AY! JERZAY!

     I posted this photo because I drove HOURS yesterday to find this dazzling piece of hosiery; it had to be captured on film!!!  I was sick all this weekend with fever and migraines, but I wasn’t about to miss my chance to hit the red carpet at NJPAC and watch the 2009 NJ Hall of Fame Induction.  
    But because I was too sick to go shopping before, I didn’t have a complete ensemble to wear.  I zoomed over the G-Dub, bought my raunchysparkle tights, changed in the car (hoping no sickos were peeking thru the tinted back windows), and practically sprinted to the carpet!  Of course, to my chagrin, there was a Diet Coke stain on my white dress from the last time I wore it.  So I tucked the stain into the dress’s ruching and put on my bravest, rain-drenched face for the cameras.
    After the carpets, I waited half an hour inside for the ceremony.  This was a hilarious half hour, because everyone else in the lobby was wearing conservative black formal attire.  They looked like they were all there to represent stoic non-profits and/or Jersey government.  I stuck out like a coral-haired, chain-covered, cleavage-baring oddity…because, well, I was.  
     I got more than a few very shocked and disapproving looks from young kids and people of a certain age.  Including Vincent “Big Pussy” Pastore from the Sopranos, whose particular expression was Violent Disgust with a side order of Abhorrence.  (inner performance-artist:  ”Mission accomplished!”) 
     Others deemed my look deserving of immediate handshake.  ”Well, hel-LO there!  WHO are YOU?!” (inner celebutante:  ”Mission, like, accomplished!  Where’s the champagne?”)
     Others still were simply at a loss for words.  ”So, uhh, how you doing over there with that soda?”  Frankly, black cherry-flavored “Jersey’s Own” soda is a bit too sweet for me, thanks for asking.
     The ceremony itself was so chock-full of Jersey Pride that I almost could not handle it. You can read about the inductees here…but the Jerseyest of them all was undoubtedly Jon Bon Jovi.  And the presenters were celebritacious!

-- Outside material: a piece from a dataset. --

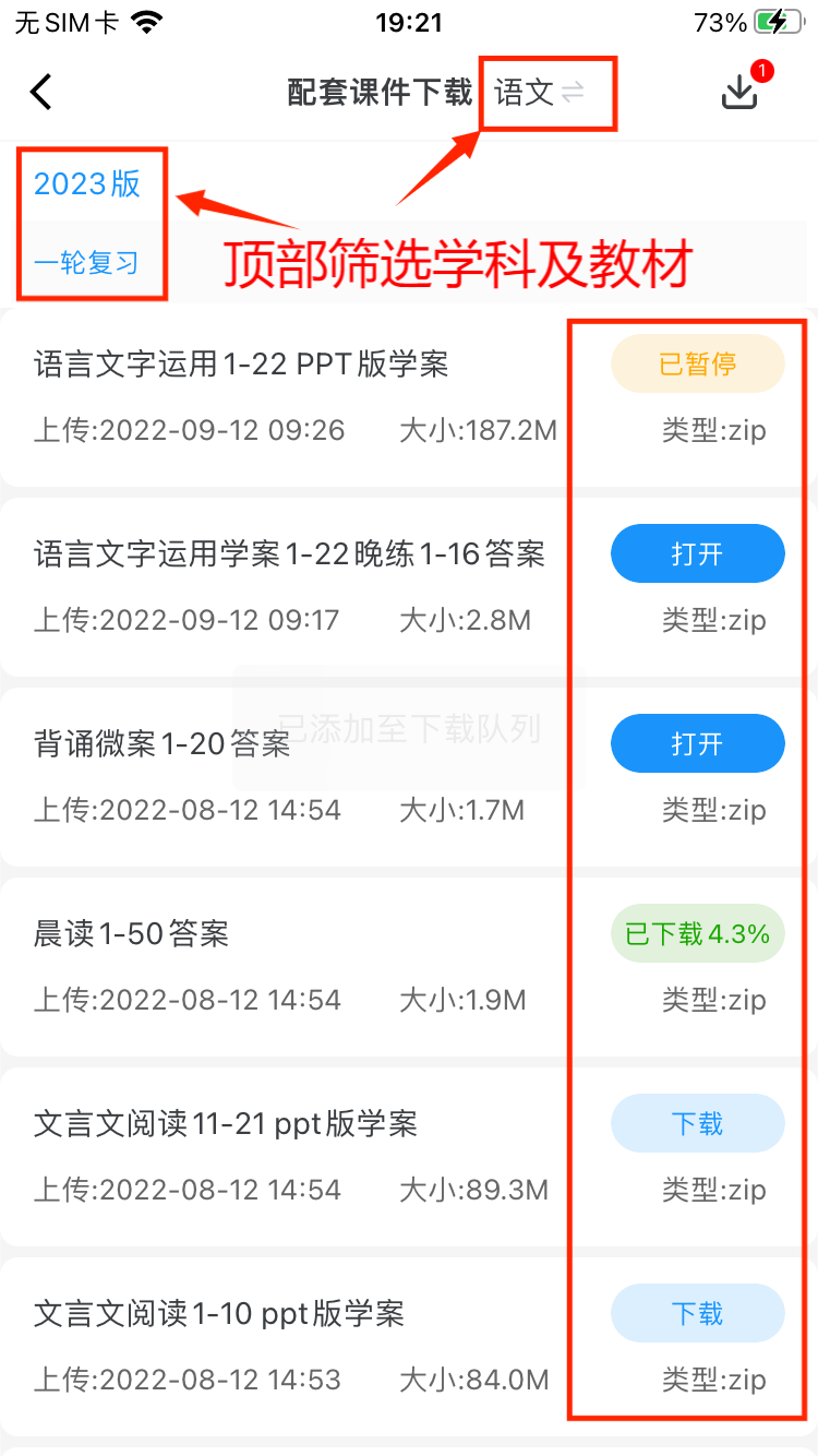在配套课件下载列表中,点击右上角的【下载】图标;进入下载管理页面;
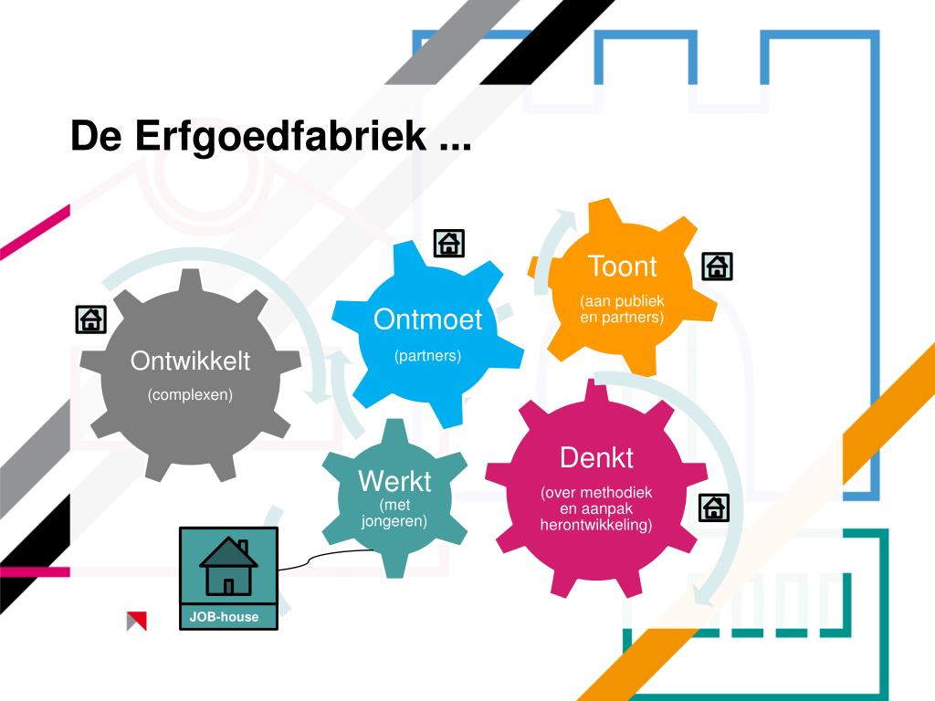De Erfgoedfabriek ... • Ontwikkelt • (complexen) Ontmoet • Ontmoet • (partners) JOB-house

LaBamba and Mark Pender from Late Night w/Conan provided some hornage


comedians Rich Vos and Jim Norton!! hilarious

Toni Morrison!!! with actor Avery Brooks
Debbie effing Harry!!!! Sorry, bad camera work :(

Jon Bon Jovi doing his best DeNiro


He is SO hunktastic.  Look at that head of haaaair


The Jovester singing with Southside Johnny

     My camera was running out of juice, and I had to save the last of it for JBJ, but Kat DeLuna performed, looking like a teeny tiny version of Karen Olivo (who I freakin love).  She was dramzing it up all over the stage with her ridonkulously long hair and her extremely fringy dress.  It was insane!
      Then…the weirdest thing happened.  I–a socially liberal chick who is usually pretty jaded about this sort of thing–had a SERIOUS “America moment.”
      They presented the “Unsung Hero” award to 1st Lt. Brian Brennan, a Jersey kid who was seriously injured by a Taliban ambush in 2008.  His injuries included acute brain injury, a collapsed lung, internal bleeding, a ruptured spleen, and broken arms.  Both his legs were amputated and he was completely unresponsive to stimuli.
      Although it seemed there was no sign of recovery for a long time, four-star general and Commander of US Central Command David Petraeus came to the hospital one day, and yelled out the nickname of Brian’s army regiment.  Brian responded.  
     He underwent tons and tons of rehab and therapy…and he showed up to the ceremony WALKING and looking perfectly aware and alert.  He spoke eloquently, and told the audience of future plans to teach at a military academy and volunteer at Walter Reed where he regained all of his abilities.  Petraeus came and delivered a beautiful, touching speech in his honor.  
    At the end of this portion, everyone sang “God Bless America.”  Usually I’d sulk about this and get all “this is so cheesy and stupid,”  but I was a blubbering idiot, singing that song like it was the most important song ever.  Because if that kid’s love for his country was the only thing that could bring him back, America must be doing something right.